Zancoria le seguía hablando a Anunciación, pero ella no le prestaba atención. Solo tenía ojos para Iván. Todos os ojos no, porque se había tapado con la mano la cara y miraba por la rendija, como cuando veía películas de terror. Un automóvil se detuvo y se oyó un bocinazo. Iván por poco se lleva por delante el farol del alumbrado público. Después metió la cabeza entre las ramas de un árbol y empezó a girar para zafarse de las hojas que lo rodeaban. A pesar de estos inconvenientes, parecía feliz en su aventura.
Anunciación corrió hacia la vereda.
—Iván, listo. Terminá de cruzar y bajate.
Pero Iván no estaba muy convencido de dejar los zancos.
—A lo mejor es la solución para cruzar todas las cuadras. Para salir del laberinto. ¿Señor Zancoria, a cuánto me vendería…?
Pero había un agujero en el asfalto, y la punta del zanco se hundió unos diez centímetros.
—¿Tu amigo cuenta con un buen seguro médico? —preguntó el maestro.
Iván sacó el zanco del agujero con demasiada fuerza y se balanceó peligrosamente hacia atrás. El zanco había perdido el regatón de goma que tenía en el extremo. Para contrarrestar, echó el cuerpo hacia delante. Y eso fue demasiado. Chocó contra la pared y solo llegó a agarrarse de unos cables oscuros que colgaban de un edificio. Los zancos cayeron con estrépito. Los cables cedieron, pero amortiguaron la caída. Iván terminó en el suelo.
Anunciación cruzó la calle.
—¿Estás bien?
Iván seguía en el suelo.
—Me raspé la rodilla, nada más.
Zancoria llegó junto a ellos.
—¡Cruzar la calle es la clase decimoséptima, no la primera!
Iván, maltrecho, le devolvió los zancos.
—Por hoy tuvimos suficiente —dijo el caído.

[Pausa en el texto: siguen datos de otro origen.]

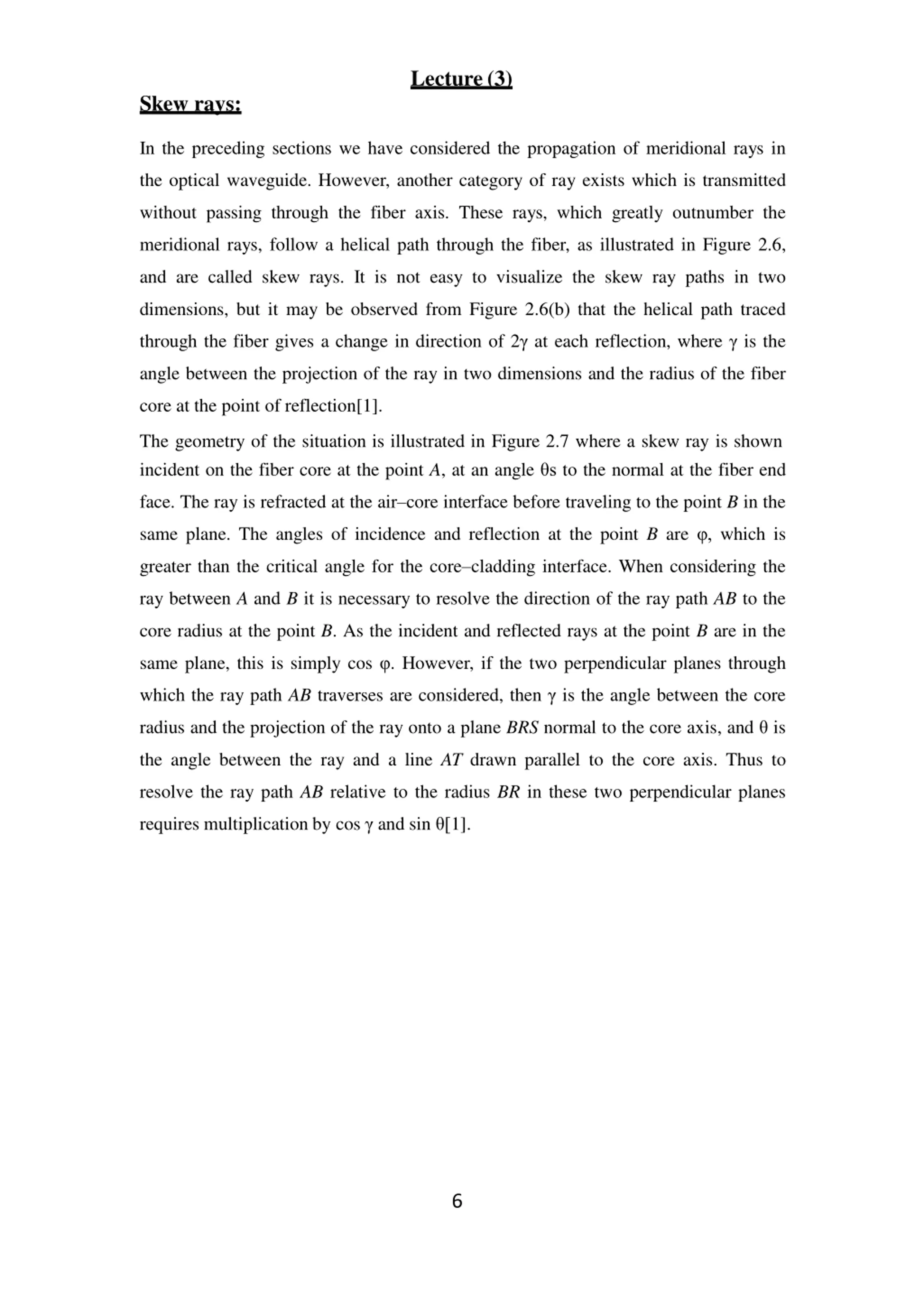 Lecture(3) Skew rays: In the preceding sections we have considered the propagation of meridional rays in the optical waveguide. However, another category of ray exists which is transmitted without passing through the fiber axis. These rays, which greatly outnumber the meridional rays, follow a helical path through the fiber, as illustrated in Figure 2.6, and are called skew rays. It is not easy to visualize the skew ray paths in two dimensions, but it may be observed from Figure 2.6(b) that the helical path traced through the fiber gives a change in direction of 2 at each reflection, where is the angle between the projection of the ray in two dimensions and the radius of the fiber core at the point of reflection[1]. The geometry of the situation is illustrated in Figure 2.7 where a skew ray is shown incident on the fiber core at the point A, at an angle s to the normal at the fiber end face. The ray is refracted at the air core interface before traveling to the point B in the same plane. The angles of incidence and reflection at the point B are , which is greater than the critical angle for the core cladding interface. When considering the ray between A and B it is necessary to resolve the direction of the ray path AB to the core radius at the point B. As the incident and reflected rays at the point B are in the same plane, this is simply cos . However, if the two perpendicular planes through which the ray path AB traverses are considered, then is the angle between the core radius and the projection of the ray onto a plane BRS normal to the core axis, and is the angle between the ray and a line AT drawn parallel to the core axis. Thus to resolve the ray path AB relative to the radius BR in these two perpendicular planes requires multiplication by cos and sin [1]. 6
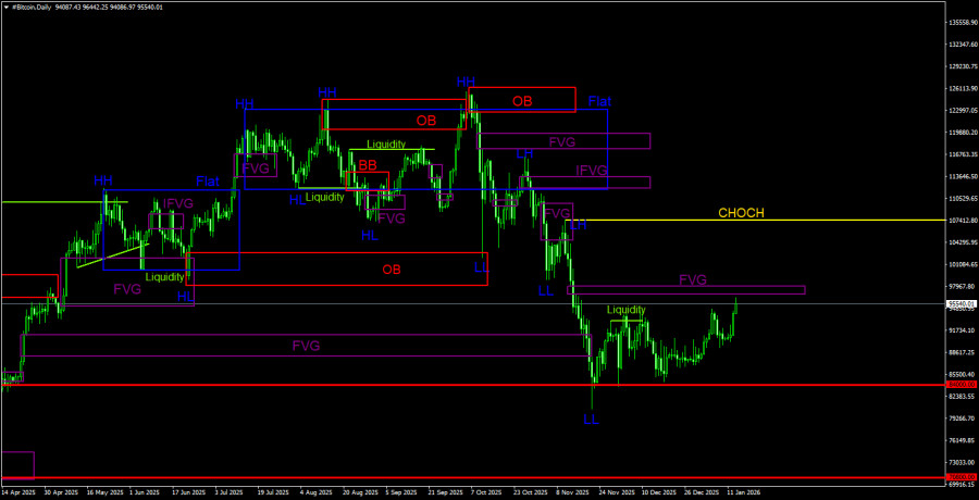 Торговые рекомендации по Биткоину(Bitcoin) на 14 января по системе ICT.
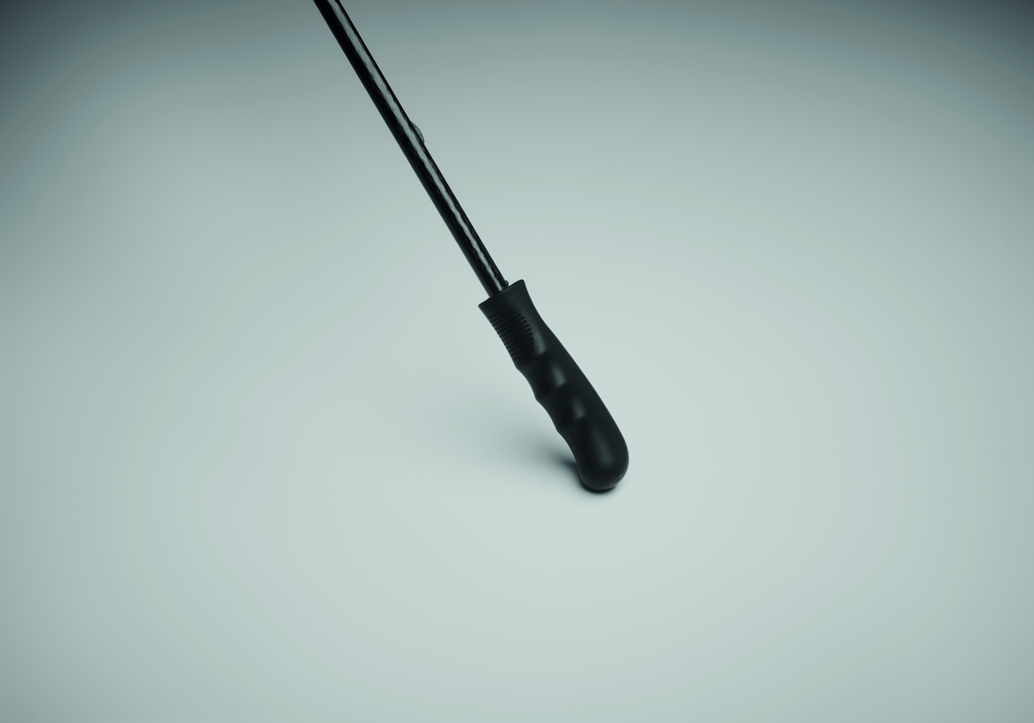 30 inch manual open windproof umbrella in 190T pongee (4 panels) and reflective material (4 panels) with fiberglass frame, ribs and shaft. Straight ABS handle with rubber finish. Manual closure.

Sacó un billete del bolsillo y le pagó la clase.
—Y cincuenta más por la pérdida del regatón —reclamó Zancoria.
Iván, sin protestar, le dio otro billete. Zancoria se guardó la plata.
—Tenía esperanzas en vos. Pero el que pierde en la primera clase el regatón, ese sí que va por mal camino.
Después se fue a grandes pasos, como un gigante de verdad, atravesando el follaje de los árboles.